╭──

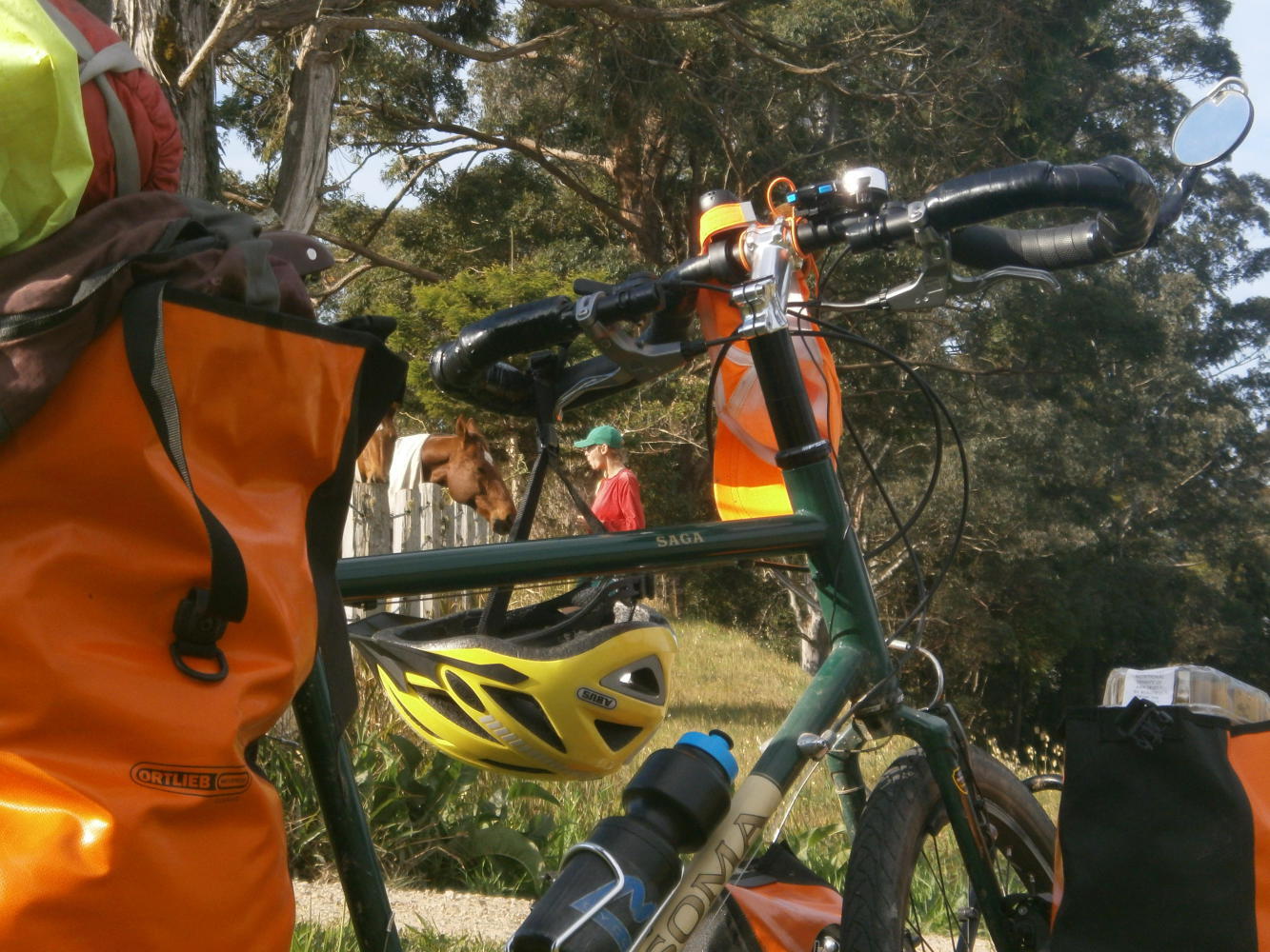 The road wasn't really very nice. There was no shoulder and too much traffic and at one point I was run off the road by a big truck. I don't like it when that happens. But there were no other choices, we had to keep going with this road. Dea was doing just that, she was off ahead again. But I caught her up when she stopped at a little gravel lay-by. I pulled over to see what was up, and she announced that she had just reached 2000 kilometres cycled since we began together in Melbourne. No mean feat and I naturally offered her a high-five and a “Way to go Dea!” And then just as we were about to continue on our way she happened to glance at my front left pannier and then, with a concerned look, asked me “Where is Mr Plopples?”
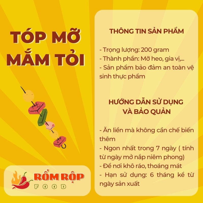 Món tóp mỡ mắm tỏi là một món ăn truyền thống ngon miệng trong ẩm thực Việt Nam. Tóp mỡ, một loại thực phẩm làm từ mỡ heo, được chế biến với mắm tỏi tạo nên hương vị đặc trưng và thơm ngon. Quá trình nấu nước mắm tỏi thường kết hợp nước mắm, tỏi băm nhỏ, đường và gia vị khác. Món ăn này thường ăn kèm với cơm nóng, tạo ra sự hòa quyện giữa hương vị mặn của mắm và hương thơm của tỏi, tạo nên một bữa ăn ngon miệng và hấp dẫn.
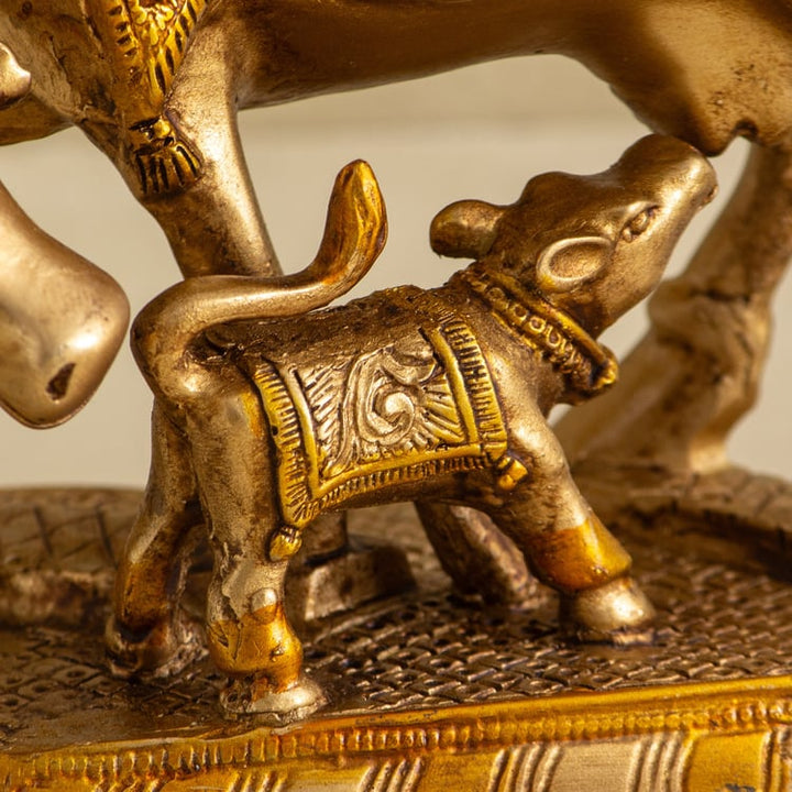 Short Description : Invite prosperity, abundance, and divine blessings with our Divine Kamadhenu Cow & Calf Figurine. Crafted from polyresin, this holy cow statue is perfect for Vastu-compliant home decor and makes an exceptionally auspicious spiritual gift.
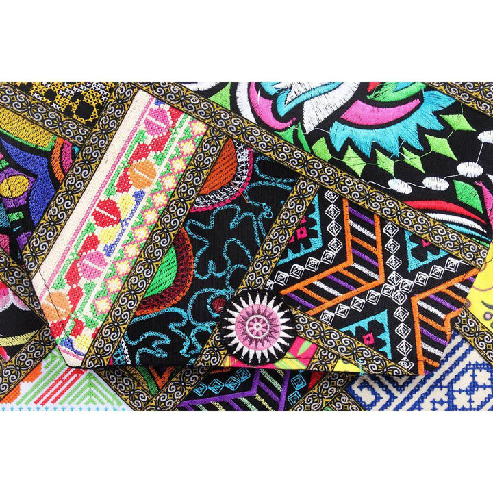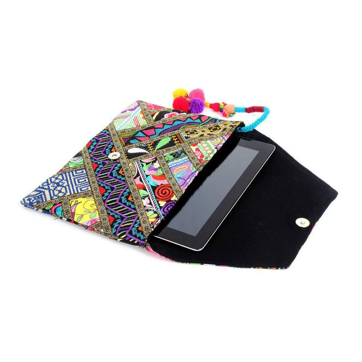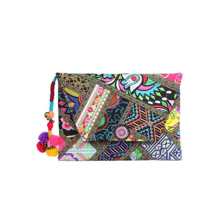 Embroidered Patchwork Clutch with Pom Pom Tassel - Thailand
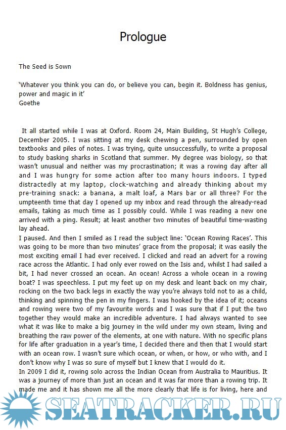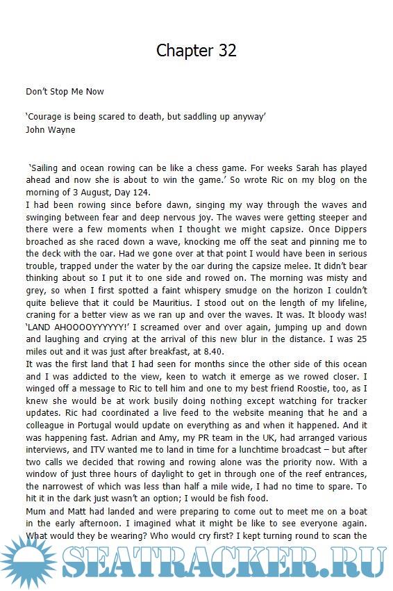 Year: 2011 Language: english Author: Outen S. Genre: History Publisher: Summersdale ISBN: 978-1848394490 Format: EPUB Quality: eBook Pages count: 320 Description: Four-thousand miles of unpredictable ocean, 500 chocolate bars, 124 days of physical exertion, three Guinness World Records, and one incredible journey. On April 1, 2009, brave 23-year-old Sarah Outen embarked on an ambitious solo voyage across the Indian Ocean in her rowing boat, Dippers. Powered by the grief of the sudden loss of her father and the determination to live life to the fullest, Sarah and her tiny boat successfully negotiated wild ocean storms, unexpected encounters with whales, and the continuous threat of being capsized by passing container ships. Along the way she broke two oars, ate 500 chocolate bars, and lost 20 kg of bodyweight before arriving in Mauritius. She became the first woman and the youngest person to row solo across the Indian Ocean. Life-affirming, funny, and poignant, Sarah's salty tale of courage and endurance will inspire the taste of adventure in everyone.
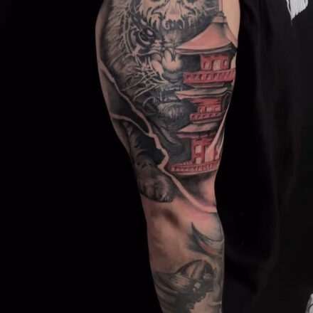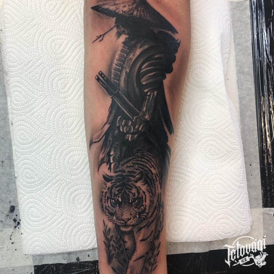 Tetování samuraj a tygr na předloktí

╰──

Print out all the material word for word but exclude any images.

Your response:
 The road wasn't really very nice. There was no shoulder and too much traffic and at one point I was run off the road by a big truck. I don't like it when that happens. But there were no other choices, we had to keep going with this road. Dea was doing just that, she was off ahead again. But I caught her up when she stopped at a little gravel lay-by. I pulled over to see what was up, and she announced that she had just reached 2000 kilometres cycled since we began together in Melbourne. No mean feat and I naturally offered her a high-five and a “Way to go Dea!” And then just as we were about to continue on our way she happened to glance at my front left pannier and then, with a concerned look, asked me “Where is Mr Plopples?”
 Món tóp mỡ mắm tỏi là một món ăn truyền thống ngon miệng trong ẩm thực Việt Nam. Tóp mỡ, một loại thực phẩm làm từ mỡ heo, được chế biến với mắm tỏi tạo nên hương vị đặc trưng và thơm ngon. Quá trình nấu nước mắm tỏi thường kết hợp nước mắm, tỏi băm nhỏ, đường và gia vị khác. Món ăn này thường ăn kèm với cơm nóng, tạo ra sự hòa quyện giữa hương vị mặn của mắm và hương thơm của tỏi, tạo nên một bữa ăn ngon miệng và hấp dẫn.
 Short Description : Invite prosperity, abundance, and divine blessings with our Divine Kamadhenu Cow & Calf Figurine. Crafted from polyresin, this holy cow statue is perfect for Vastu-compliant home decor and makes an exceptionally auspicious spiritual gift.
 Embroidered Patchwork Clutch with Pom Pom Tassel - Thailand
 Year: 2011 Language: english Author: Outen S. Genre: History Publisher: Summersdale ISBN: 978-1848394490 Format: EPUB Quality: eBook Pages count: 320 Description: Four-thousand miles of unpredictable ocean, 500 chocolate bars, 124 days of physical exertion, three Guinness World Records, and one incredible journey. On April 1, 2009, brave 23-year-old Sarah Outen embarked on an ambitious solo voyage across the Indian Ocean in her rowing boat, Dippers. Powered by the grief of the sudden loss of her father and the determination to live life to the fullest, Sarah and her tiny boat successfully negotiated wild ocean storms, unexpected encounters with whales, and the continuous threat of being capsized by passing container ships. Along the way she broke two oars, ate 500 chocolate bars, and lost 20 kg of bodyweight before arriving in Mauritius. She became the first woman and the youngest person to row solo across the Indian Ocean. Life-affirming, funny, and poignant, Sarah's salty tale of courage and endurance will inspire the taste of adventure in everyone.
 Tetování samuraj a tygr na předloktí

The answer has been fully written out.